Study Finds Woolies’ Ads Have More Brand Recognition Than Coles’ Ads

Study Finds Woolies’ Ads Have More Brand Recognition Than Coles’ Ads
B&T Magazine
Edited by B&T Magazine



According to a new advertising analysis from Forethought, Woolworth’s “Today’s Fresh Food People” campaign is more effective for brand recognition than coles’ “Together to Zero” ad. 

The latest Woolworths campaign produced by M&C Saatchi is distinctly on brand – The focus on freshness and quality,  the use of the colour of green, the classic Woolie’s jingle playing and a slightly reimaged slogan,  new but not unfamiliar,  “Today’s Fresh Food People.” Meanwhile, Forethought found that Cole’s latest ad didn’t use key brand assets creating confusion for consumers.

Woolworths isn’t trying to reinvent the wheel rather it focuses on what it has already built it which creates brand recognition, while Coles seems to be trying something new.

New analysis from Forethought, which was not commissioned by either brand, tested the application of distinctive assets in advertising, using a set of de-branded stills from the commercial as a stimulus. The results prove the necessity of leveraging distinctive brand assets, with close to 9 in 10 Australian consumers connecting the Woolworths ad to its brand following a test.

The study demonstrated that the consistent deployment of the uniquely ‘Woolies’ brand assets mentioned above throughout the ad registered with consumers – achieving what all good advertising should do – connected the audience to the correct brand.

To conduct and contextualise the ad test, Forethought examined Woolworths’ latest commercial, in comparison with Coles’ advertising, they both launched at the same time (Aug 2021).

Distinctive brands assets enable an ad to be recognised and linked to its origin. It’s advertising 101.  For example, the YES logo for Optus. If Australians were just shown the stylised YES logo, 95 per cent spontaneously recognise it as an Optus ad.

The Coles ad lacks distinctive brand assets causing a very large proportion of the prospective audience to misattribute the origin.

Coles’ “Together to Zero” commercial emphasised their commitment to and encouragement of environmentally sustainable practices, reaffirming ambitious targets to reduce CO2 emissions and “to become Australia’s most sustainable supermarket”.
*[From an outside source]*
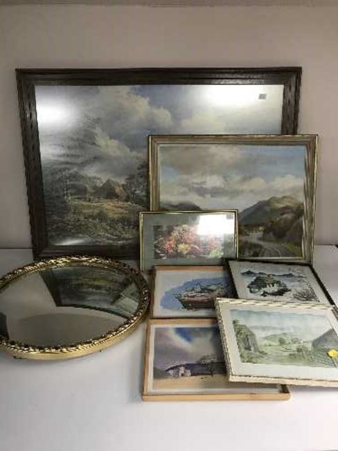 A box of assorted pictures and prints - Alhim print, gilt porthole mirror, etc

The research found that the latest anthemic brand advertising campaigns from Australia’s two leading supermarket chains, which differ markedly in the degree to which they utilise branded cues, yielded significantly different results following Forethought’s test of consumer recognition and recall.

To test the effectiveness of both the Woolworths and Coles TV ads (ie. their likelihood to be recognised, associated with the brand in question and recalled), Forethought showed a representative sample of 800 Australian consumers de-branded stills taken from each advertisement, pictured below.

It was a concern that showing frames rather than the full advertisement excluding branding would have disadvantaged the Woolworths ad, because their highly recognisable audio asset/jingle could not be included in the stimulus (and this was identified prior to the study as a potential limitation).

However, the strong utilisation of other distinctive Woolworths brand assets overcame this hurdle, with the commercial scoring very high on both recognition and brand association.

After viewing the stimulus, respondents were then asked a series of questions associated with recognition and recall.

The results demonstrated the depth of Woolworths’ successful utilisation of their distinctive brand assets: Despite the spots being de-branded during the test, the results are in stark contrast to one another with the Woolworths ad clearly and significantly outperforming the Coles ad on correct brand association.

The Woolworths stimulus was correctly linked to the Woolworths brand for the clear majority at 88.8 per cent, with 1.2 per cent misattributing the ad to its main competitor and only 7.5 per cent unsure who was behind the advertising.

By contrast, the Coles stimulus proved more difficult for consumers to match to Coles at only 20.9 per cent (with 7.2 per cent misattributing the ad to its main competitor and, of probably far greater concern, was the 59.8 per cent of consumers who were unable to determine which brand was behind the ad).

Using an array of distinctive brand assets such as colour, gingham check uniform and images of ‘on message’ produce – the Woolworths ad proved to be strongly effective at driving brand recognition, with close to 9 in 10 consumers recognising and associating the piece correctly with the brand.

Forethought, Global CEO, Darren Stein said: “Woolworths’ consistent and clever use of distinctive assets and recognition triggers were clearly rewarded as shown by the results in the study.

“Their success on this occasion is also amplified by the relatively weaker results from their major competitor. This is an evidence-based reminder that the use of distinctive assets, nurtured over time can produce stunning results, not only against newcomers invading an established category but also as is the case here, in the largest, longest-standing and most competitive of marketing arenas”.